**What you are asked to do:**
The required output is the exact run of lines in the listing below from the line holding "Màn hình trang" through the line holding "Spaakhandwiel aluminium. Cilindergreep", with no pictures.

**Source data:**
========================================================================
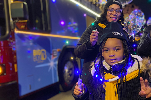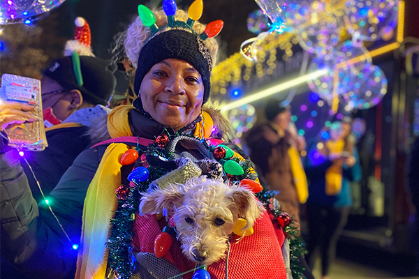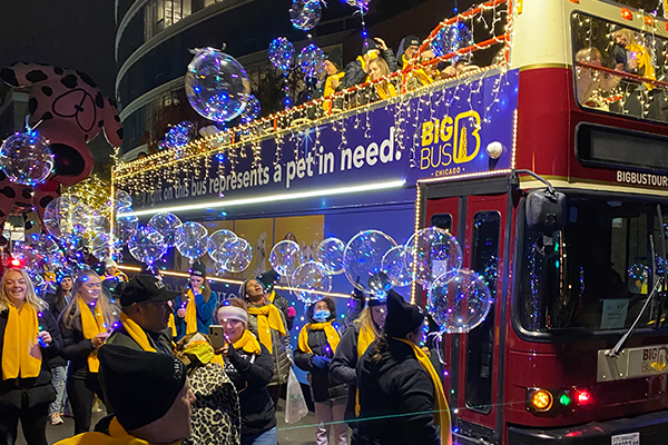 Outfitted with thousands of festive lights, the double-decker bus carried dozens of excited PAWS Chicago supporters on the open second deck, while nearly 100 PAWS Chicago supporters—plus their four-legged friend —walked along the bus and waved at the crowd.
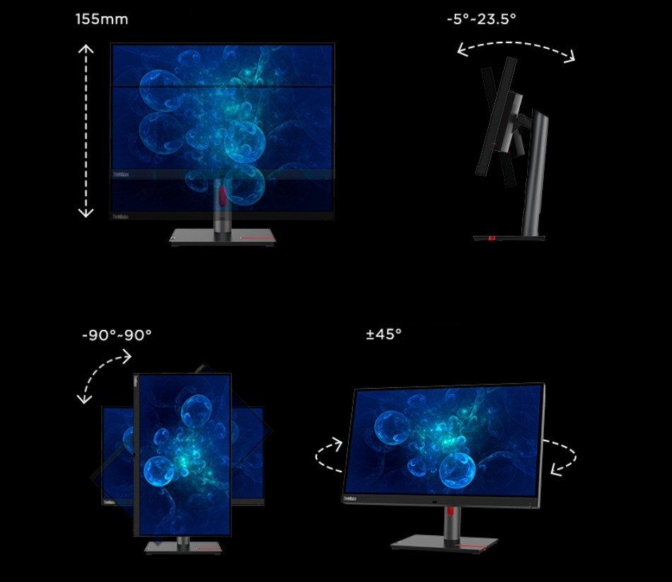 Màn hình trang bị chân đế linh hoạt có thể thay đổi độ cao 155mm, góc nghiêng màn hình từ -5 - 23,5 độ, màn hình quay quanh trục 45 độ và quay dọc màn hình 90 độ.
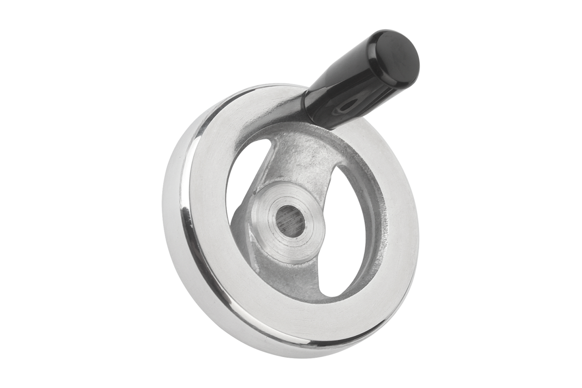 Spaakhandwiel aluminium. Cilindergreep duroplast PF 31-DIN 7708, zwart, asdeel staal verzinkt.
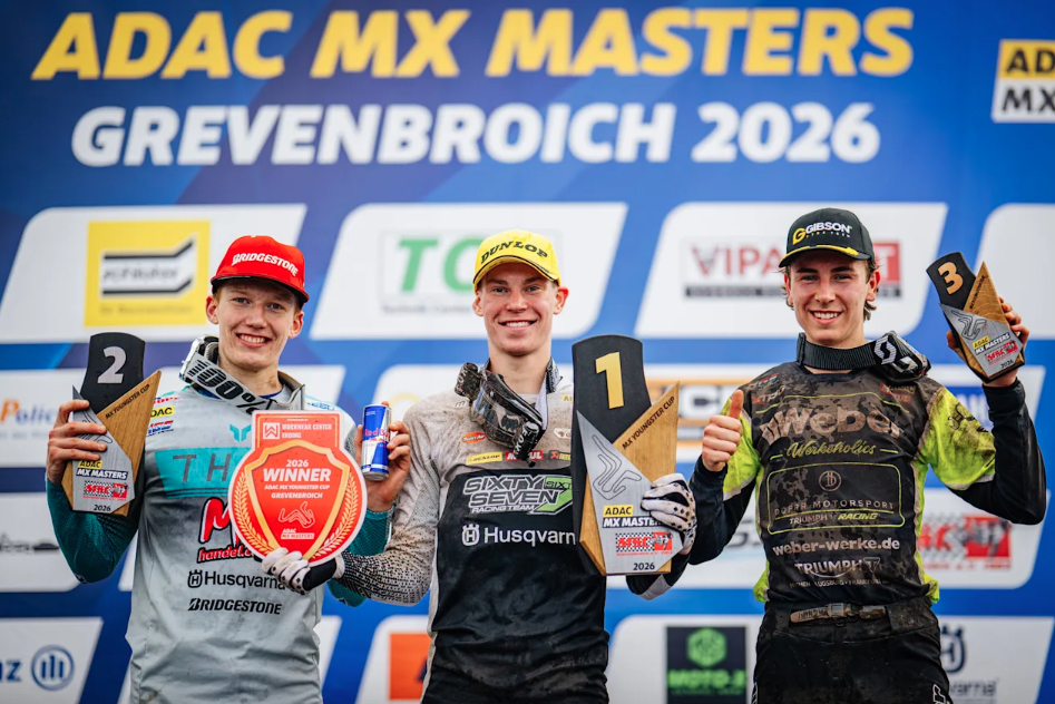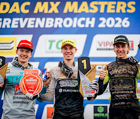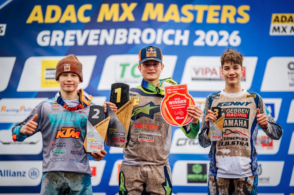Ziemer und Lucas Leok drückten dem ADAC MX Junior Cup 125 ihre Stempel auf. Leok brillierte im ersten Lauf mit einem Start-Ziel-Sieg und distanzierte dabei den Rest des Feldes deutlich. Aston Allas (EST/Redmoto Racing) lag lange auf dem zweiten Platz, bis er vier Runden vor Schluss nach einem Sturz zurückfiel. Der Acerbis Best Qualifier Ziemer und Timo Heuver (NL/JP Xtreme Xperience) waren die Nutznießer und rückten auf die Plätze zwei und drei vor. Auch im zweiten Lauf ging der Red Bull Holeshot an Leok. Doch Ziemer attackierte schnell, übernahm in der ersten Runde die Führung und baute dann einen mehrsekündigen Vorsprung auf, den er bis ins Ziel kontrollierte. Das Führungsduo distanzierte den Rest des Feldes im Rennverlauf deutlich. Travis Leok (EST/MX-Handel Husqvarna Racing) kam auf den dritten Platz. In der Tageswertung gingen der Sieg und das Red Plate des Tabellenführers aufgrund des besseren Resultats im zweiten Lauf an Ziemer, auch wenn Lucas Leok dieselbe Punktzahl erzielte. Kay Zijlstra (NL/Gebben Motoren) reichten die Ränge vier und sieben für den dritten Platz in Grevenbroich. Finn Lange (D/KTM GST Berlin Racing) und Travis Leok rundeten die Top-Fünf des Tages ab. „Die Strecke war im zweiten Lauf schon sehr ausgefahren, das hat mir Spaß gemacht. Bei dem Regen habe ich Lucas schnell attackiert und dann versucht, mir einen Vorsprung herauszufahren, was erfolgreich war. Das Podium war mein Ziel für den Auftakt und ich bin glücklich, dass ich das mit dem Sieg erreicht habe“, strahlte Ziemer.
========================================================================
**Your response:**
 Màn hình trang bị chân đế linh hoạt có thể thay đổi độ cao 155mm, góc nghiêng màn hình từ -5 - 23,5 độ, màn hình quay quanh trục 45 độ và quay dọc màn hình 90 độ.
 Spaakhandwiel aluminium. Cilindergreep duroplast PF 31-DIN 7708, zwart, asdeel staal verzinkt.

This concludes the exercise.